## Aim of the exercise
What is wanted is every line below from the one with "Kruopščiai pagaminta iš" up to and including the one with "11月21日、そらち南農業協", retyped exactly, pictures excluded, nothing else.
===== Dataset extract =====
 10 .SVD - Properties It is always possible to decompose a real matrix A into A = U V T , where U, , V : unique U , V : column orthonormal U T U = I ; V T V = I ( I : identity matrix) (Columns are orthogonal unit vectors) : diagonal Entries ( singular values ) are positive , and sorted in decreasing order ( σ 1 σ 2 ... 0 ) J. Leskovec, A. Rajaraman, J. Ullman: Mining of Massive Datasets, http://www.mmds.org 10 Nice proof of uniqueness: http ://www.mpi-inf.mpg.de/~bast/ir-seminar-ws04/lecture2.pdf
=====
===== Dataset extract =====
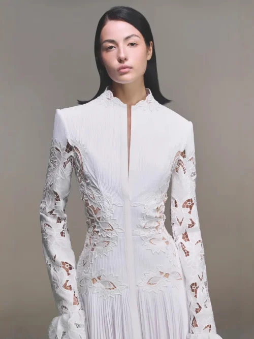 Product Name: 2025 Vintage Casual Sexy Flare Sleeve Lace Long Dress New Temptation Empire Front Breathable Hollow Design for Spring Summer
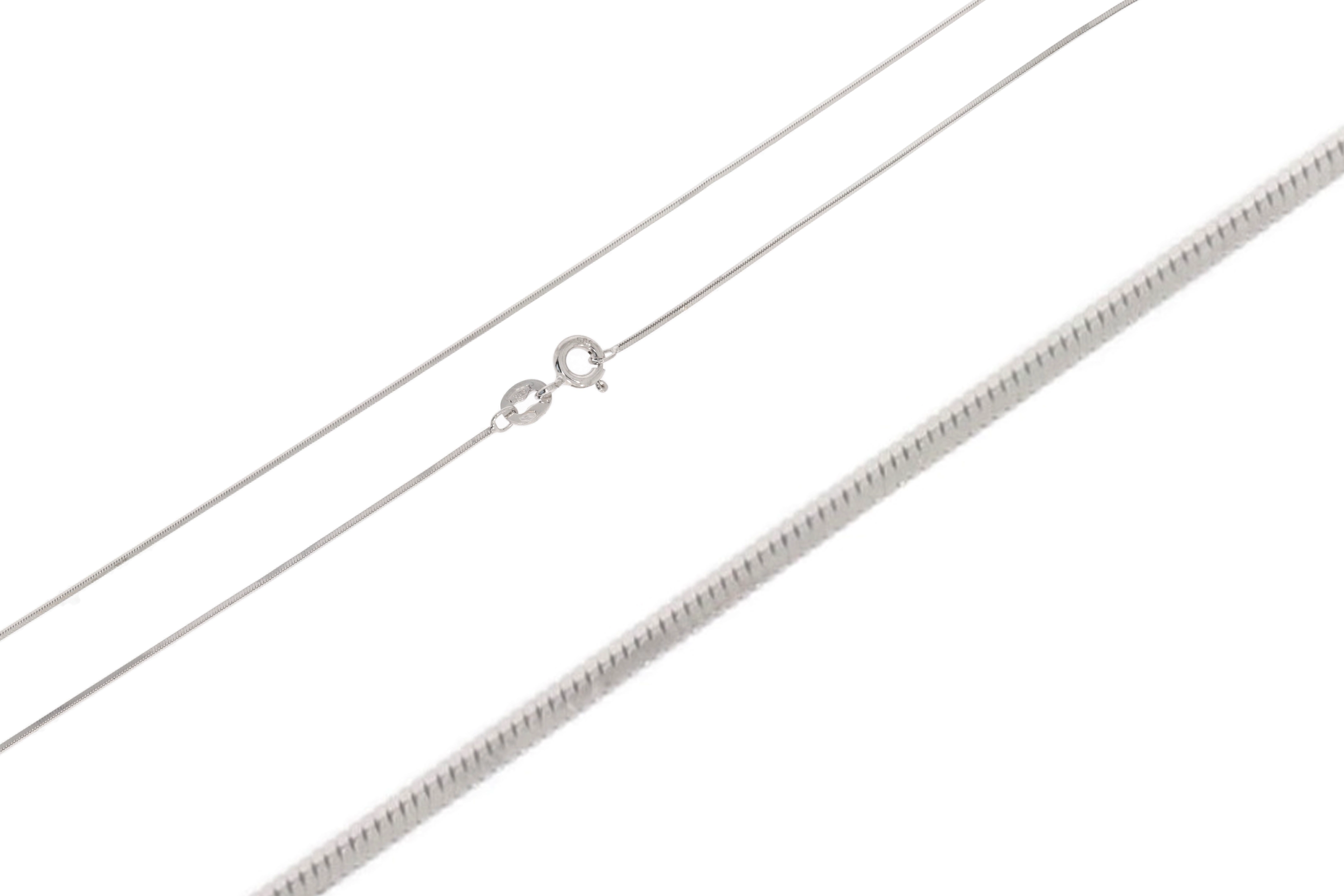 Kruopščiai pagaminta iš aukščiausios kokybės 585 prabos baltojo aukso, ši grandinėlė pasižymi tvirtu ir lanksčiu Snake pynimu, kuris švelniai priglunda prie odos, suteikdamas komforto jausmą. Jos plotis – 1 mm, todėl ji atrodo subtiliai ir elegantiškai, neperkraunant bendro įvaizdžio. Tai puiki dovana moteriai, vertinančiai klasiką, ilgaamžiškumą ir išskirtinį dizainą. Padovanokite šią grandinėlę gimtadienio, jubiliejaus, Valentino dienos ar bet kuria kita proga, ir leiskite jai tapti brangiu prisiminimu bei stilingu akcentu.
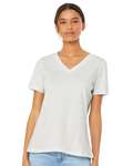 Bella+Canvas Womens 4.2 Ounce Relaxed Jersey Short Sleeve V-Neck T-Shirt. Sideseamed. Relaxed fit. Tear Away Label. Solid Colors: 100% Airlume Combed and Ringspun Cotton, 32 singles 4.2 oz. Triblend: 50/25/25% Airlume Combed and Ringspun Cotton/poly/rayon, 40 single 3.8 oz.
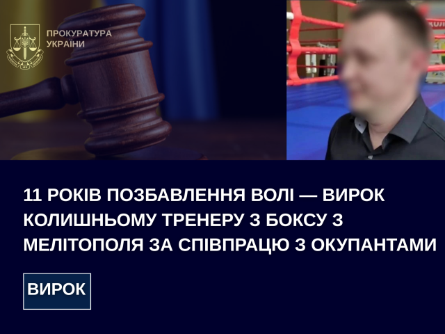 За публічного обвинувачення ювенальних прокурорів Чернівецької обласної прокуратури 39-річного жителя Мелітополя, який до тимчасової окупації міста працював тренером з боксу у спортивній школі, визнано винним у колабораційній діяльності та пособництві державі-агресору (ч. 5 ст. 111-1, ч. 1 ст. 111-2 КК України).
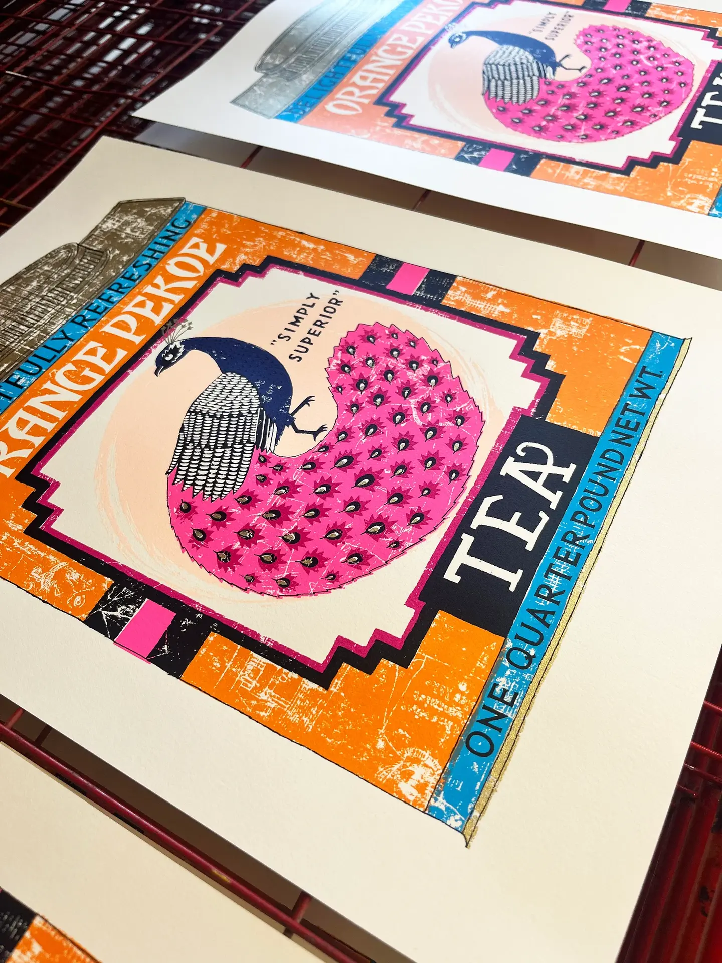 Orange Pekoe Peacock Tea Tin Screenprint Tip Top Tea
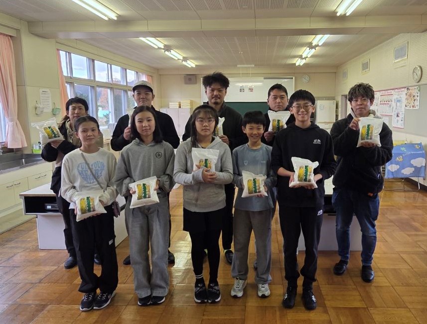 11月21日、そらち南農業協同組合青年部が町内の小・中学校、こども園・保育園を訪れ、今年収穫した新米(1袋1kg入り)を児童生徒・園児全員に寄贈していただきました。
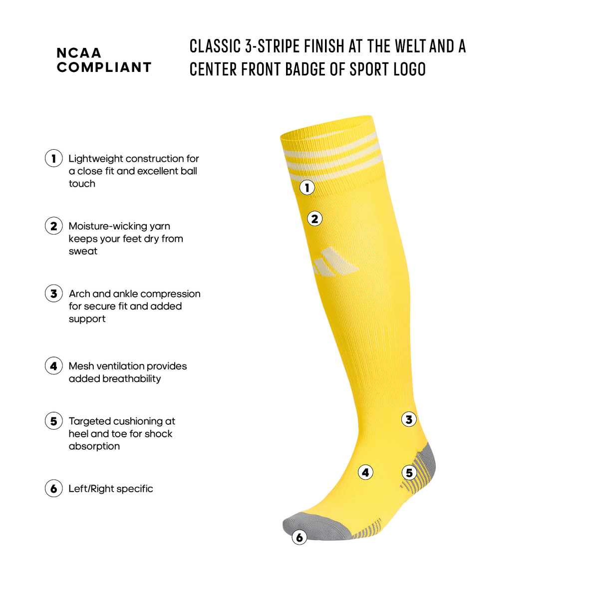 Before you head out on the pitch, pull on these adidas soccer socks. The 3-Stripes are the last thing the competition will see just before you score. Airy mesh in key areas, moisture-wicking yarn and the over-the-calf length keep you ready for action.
=====
## Written response
 Kruopščiai pagaminta iš aukščiausios kokybės 585 prabos baltojo aukso, ši grandinėlė pasižymi tvirtu ir lanksčiu Snake pynimu, kuris švelniai priglunda prie odos, suteikdamas komforto jausmą. Jos plotis – 1 mm, todėl ji atrodo subtiliai ir elegantiškai, neperkraunant bendro įvaizdžio. Tai puiki dovana moteriai, vertinančiai klasiką, ilgaamžiškumą ir išskirtinį dizainą. Padovanokite šią grandinėlę gimtadienio, jubiliejaus, Valentino dienos ar bet kuria kita proga, ir leiskite jai tapti brangiu prisiminimu bei stilingu akcentu.
 Bella+Canvas Womens 4.2 Ounce Relaxed Jersey Short Sleeve V-Neck T-Shirt. Sideseamed. Relaxed fit. Tear Away Label. Solid Colors: 100% Airlume Combed and Ringspun Cotton, 32 singles 4.2 oz. Triblend: 50/25/25% Airlume Combed and Ringspun Cotton/poly/rayon, 40 single 3.8 oz.
 За публічного обвинувачення ювенальних прокурорів Чернівецької обласної прокуратури 39-річного жителя Мелітополя, який до тимчасової окупації міста працював тренером з боксу у спортивній школі, визнано винним у колабораційній діяльності та пособництві державі-агресору (ч. 5 ст. 111-1, ч. 1 ст. 111-2 КК України).
 Orange Pekoe Peacock Tea Tin Screenprint Tip Top Tea
 11月21日、そらち南農業協同組合青年部が町内の小・中学校、こども園・保育園を訪れ、今年収穫した新米(1袋1kg入り)を児童生徒・園児全員に寄贈していただきました。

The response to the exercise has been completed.